The surge in investments has led to increases in the valuation of digital health companies. Thus, what would have once been a series B round is now a $25 million series A, noted Steve Tolle, a partner at HLM Venture Partners. Factors driving this include the dramatic spike in utilization of telehealth due to the COVID-19 pandemic. And while utilization rates have fallen back from their 2020 highs, the seal has been broken. Having gotten to try telehealth, the vast majority found it to be a positive experience that they want to continue even after the pandemic ends. The sector has also been more successful in attracting private equity firms, especially late-stage companies. For example, Tiger Global recently co-led a $300 million Series D round into Hinge Health, making the musculoskeletal care startup one of the highest-valued privately held digital health companies in the US at $3 billion. Hinge Health’s customer base tripled, revenue quadrupled, and customer retention continued at 100 percent.

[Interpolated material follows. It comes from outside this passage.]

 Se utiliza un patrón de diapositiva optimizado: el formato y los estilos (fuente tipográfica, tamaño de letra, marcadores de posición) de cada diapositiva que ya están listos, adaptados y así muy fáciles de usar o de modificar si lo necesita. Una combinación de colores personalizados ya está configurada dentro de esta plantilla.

More Digital Health Companies Going Public

Digital health companies are also carrying out fundraising initiatives more frequently than they have in the past. Twenty-three digital health companies went public in 2021, either traditional initial public offering (IPO) or via merger with special-purpose acquisition companies (SPACs), as compared to 12 companies that went public in 2020. The stocks of newly public companies in the sector haven’t performed well. Thus, of the 19 companies tracked by MedCity News that went public in the last two years, all were down from their first day of trading. Every company that went public via a SPAC was valued below $10, the standard share price for these deals, according to MedCity News. Among the few companies to break the trend are Oak Street Health, which is trading at 51 percent above its IPO price of $21, and Doximity, which is valued at more than double its $26 IPO price.

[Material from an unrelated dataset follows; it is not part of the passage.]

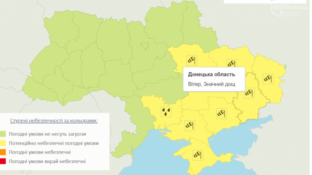 В региональном центре по гидрометеорологии днем 20 апреля на территории Донецкой области ожидается значительный дождь, местами гроза, ветер юго-западный, 19−24 метра в секунду. При этом ночью 21 апреля ожидается ветер юго-западный, 15−20 метров в секунду. Осложнения погодных условий соответствует 1 уровню опасности (цвет желтый), что может привести к нарушениям электроснабжения.

How Far Will Digital Health Fundraising Growth Levels Fall?

In the three years from 2019 to 2021, annual fundraising totals for digital health companies has gone from $7.9 billion to $29.1 billion. While the rise of telehealth makes a return to the sub-$10 billion level unlikely, the experts that MedCity News interviewed don’t expect a repeat of 2021 growth levels in 2022. They suggest that funding will fall back into the 2020 range of $14 to $16 or $17 billion, not because the companies aren’t good but because of current valuations. “Really high valuations are great when you’re private,” noted Chris Moniz, a director at Silicon Valley Bank’s Healthcare Practice and one of the interviewees cited in the MedCity News piece, “but will the public markets keep that premium?” Editor’s Note: This article was updated with new information on Jan. 31.